Traditional systems weren’t built to handle the parallel data demands of modern AI, creating bottlenecks and delays. Cloudian, co-founded by MIT alumni, is solving this with a purpose-built AI data storage platform that enables high-speed, scalable access between storage and GPUs — transforming how data powers AI innovation.
The AI Data Storage Challenge in the Era of Large-Scale Models
Artificial intelligence is changing the way businesses store and access their data. That’s because traditional data storage systems were designed to handle simple commands from a handful of users at once, whereas today, AI systems with millions of agents need to continuously access and process large amounts of data in parallel. Traditional data storage systems now have layers of complexity, which slows AI systems down because data must pass through multiple tiers before reaching the graphical processing units (GPUs) that are the brain cells of AI.
Cloudian’s Breakthrough in Scalable AI Data Storage
Cloudian, co-founded by Michael Tso ’93, SM ’93 and Hiroshi Ohta, is helping storage keep up with the AI revolution. The company has developed a scalable storage system for businesses that helps data flow seamlessly between storage and AI models. The system reduces complexity by applying parallel computing to data storage, consolidating AI functions and data onto a single parallel-processing platform that stores, retrieves, and processes scalable datasets, with direct, high-speed transfers between storage and GPUs and CPUs.
Cloudian’s integrated storage-computing platform simplifies the process of building commercial-scale AI tools and gives businesses a storage foundation that can keep up with the rise of AI.
From MIT Research to Industry Transformation
“One of the things people miss about AI is that it’s all about the data,” Tso says. “You can’t get a 10 percent improvement in AI performance with 10 percent more data or even 10 times more data — you need 1,000 times more data.
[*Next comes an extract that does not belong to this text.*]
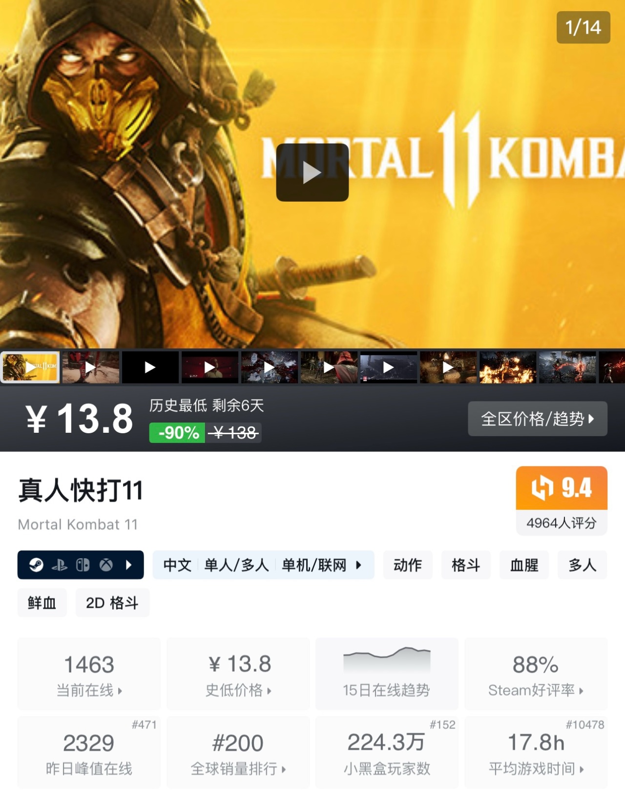 《真人快打11》是一款以極致暴力美學著稱的格鬥遊戲,擁有深度角色養成與豐富劇情,玩家可操控經典角色施展血腥終結技,在快節奏對戰中體驗硬核格鬥的刺激與爽感。

Being able to store that data in a way that’s easy to manage, and in such a way that you can embed computations into it so you can run operations while the data is coming in without moving the data - that’s where this industry is going.”
As an undergraduate at MIT in the 1990s, Tso was introduced to parallel computing by Professor William Dally. As a graduate student, he worked with senior research scientist David Clark on large-scale distributed systems. Today, Tso sees strong parallels between his early academic work and Cloudian's approach to scalable, high-speed AI data storage.
How Cloudian’s Object Storage Powers AI at the Edge
Cloudian’s platform uses an object storage architecture in which all kinds of data —documents, videos, sensor data — are stored as a unique object with metadata. Object storage can manage massive datasets in a flat file structure, making it ideal for unstructured data and AI systems. However, it traditionally couldn’t send data directly to AI models without being copied into memory first.
In July, Cloudian announced it has extended its object storage system with a vector database. This stores data in a form that is immediately usable by AI models, reducing latency and energy bottlenecks. Cloudian also partnered with NVIDIA to allow direct compatibility with their GPUs, enabling real-time, high-speed AI processing.
Enabling AI-First Architectures Across Industries
Cloudian is already helping around 1,000 companies across various sectors including automotive, healthcare, government, and finance. Their platform supports large-scale AI use cases such as predictive maintenance in manufacturing, DNA sequence analysis in cancer research, and secure medical data archiving.
Cloudian’s AI data storage solutions are future-proofed for next-generation AI applications. As GPUs continue to break Moore’s Law through parallel processing, Cloudian’s architecture ensures these high-performance processors stay fully utilised by removing traditional data bottlenecks.
Future-Proofing AI Data Storage with Parallel Processing
“The only way to make GPUs work hard is to feed them data at the same speed that they compute,” Tso says. “And the only way to do that is to get rid of all the layers between them and your data.”
By embedding AI functions within storage and enabling parallel compute operations during data ingestion, Cloudian is building an ecosystem where AI data storage doesn’t just keep up with innovation - it powers it.